The possible involvement of increased production of ROS in the 27OHC-induced rise of transporters ABCA1 and ABCG8 synthesis was tested. Prior to treatment with the oxysterol (1 and 5 µM), differentiated CaCo-2 cells were incubated for 30 min in the presence of 2 µM DPI, a selective inhibitor of NADPH oxidase (Buck et al. 2019), the latter being recognized as one of the two main intracellular sources of ROS up-regulated by 27OHC, the other one being the mitochondria (Vurusaner et al. 2014).

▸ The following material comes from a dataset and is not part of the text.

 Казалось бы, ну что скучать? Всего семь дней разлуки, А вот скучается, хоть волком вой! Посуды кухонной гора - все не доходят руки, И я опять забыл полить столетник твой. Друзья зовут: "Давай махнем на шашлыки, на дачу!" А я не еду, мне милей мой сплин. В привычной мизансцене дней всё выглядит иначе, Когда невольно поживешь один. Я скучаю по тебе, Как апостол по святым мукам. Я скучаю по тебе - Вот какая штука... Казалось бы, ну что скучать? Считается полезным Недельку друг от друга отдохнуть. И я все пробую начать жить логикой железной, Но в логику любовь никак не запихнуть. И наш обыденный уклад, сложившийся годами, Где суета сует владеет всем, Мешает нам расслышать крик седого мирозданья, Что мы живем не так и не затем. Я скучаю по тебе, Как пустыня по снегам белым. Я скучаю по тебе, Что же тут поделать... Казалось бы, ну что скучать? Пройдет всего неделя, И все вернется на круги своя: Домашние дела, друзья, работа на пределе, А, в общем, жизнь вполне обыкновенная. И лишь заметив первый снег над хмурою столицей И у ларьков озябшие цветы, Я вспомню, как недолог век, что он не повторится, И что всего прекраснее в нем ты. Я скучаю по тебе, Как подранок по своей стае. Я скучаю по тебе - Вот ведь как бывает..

As reported in Fig. 3, pre-incubation of differentiated CaCo-2 cells with DPI completely prevented the 27OHC-provoked increase in ABCA1 and ABCG8 synthesis, observed both after 24 and 48 hours of challenge with the oxysterol. The prior addition of DPI to CaCo-2 cells, followed by 24 or 48 h of incubation in the absence of 27OHC, did not affect either cell viability (data not shown) or the normal concentration of the two membrane transporters under study (Fig. 3).

Figure 3
Figure 3

CaCo-2 cell pre-incubation with DPI inhibits the rise of ABCA1 and ABCG8 protein levels induced by 27OHC treatment. ABCA1 and ABCG8 cell protein levels were detected by Western blotting in lysates from differentiated CaCo-2 cells pre-treated for half an hour with 2 μM DPI and then treated with 1 µM 27OHC or 5 µM 27OHC for 24 and 48 h. Control: untreated cells. Data are expressed as a percentage of control (taken as 100%). Values are indicated as means ± s.d. of three independent experiments. Significantly different vs control: **P < 0.01. Significantly different vs 1 µM 27OHC: #P < 0.05, ##P < 0.01. Significantly different vs 5 µM 27OHC: @P < 0.05, @@P < 0.01.

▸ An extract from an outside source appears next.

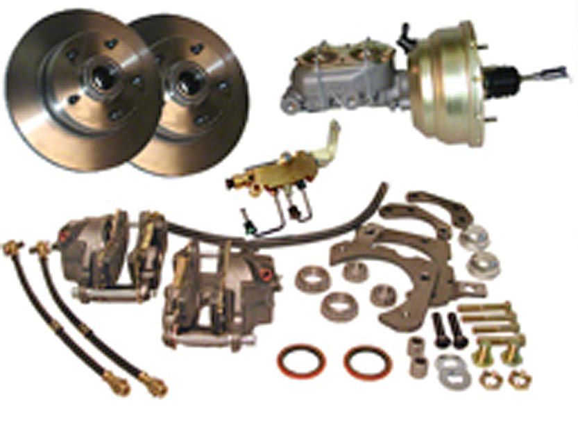 Are you ready for a huge improvement over original, unpredictable four-wheel drum brakes? If you are, then our complete power disc kit is for you. Our comprehensive kit includes: large 11" vented rotors, calipers, caliper brackets, pads, hoses, lines, 7" power booster, dual master cylinder, proportioning valve and bracket & bearings.

Citation: Redox Experimental Medicine 2024, 1; 10.1530/REM-24-0005

Discussion

The role of the two membrane transporters of the ABC family, ABCA1 and ABCG1, in the extrusion of cholesterol from the intestinal epithelial cell layer back to the intestinal lumen is fully recognized. Much less studied is another component of the same family of transporters, ABCG8, which is instead in charge of the extrusion of the plant sterols absorbed in the intestine back to the gut lumen (Ruiz et al. 2013). In fact, a defect of ABCG8 at the intestinal level would allow a dangerous increase of phytosterols in the peripheral blood. The latter event would exert a competitive interference with LDL for the receptor that mediates this lipoprotein removal from the bloodstream, with consequent rise in the hematic level of those lipoproteins (Bydlowski & Levy 2024).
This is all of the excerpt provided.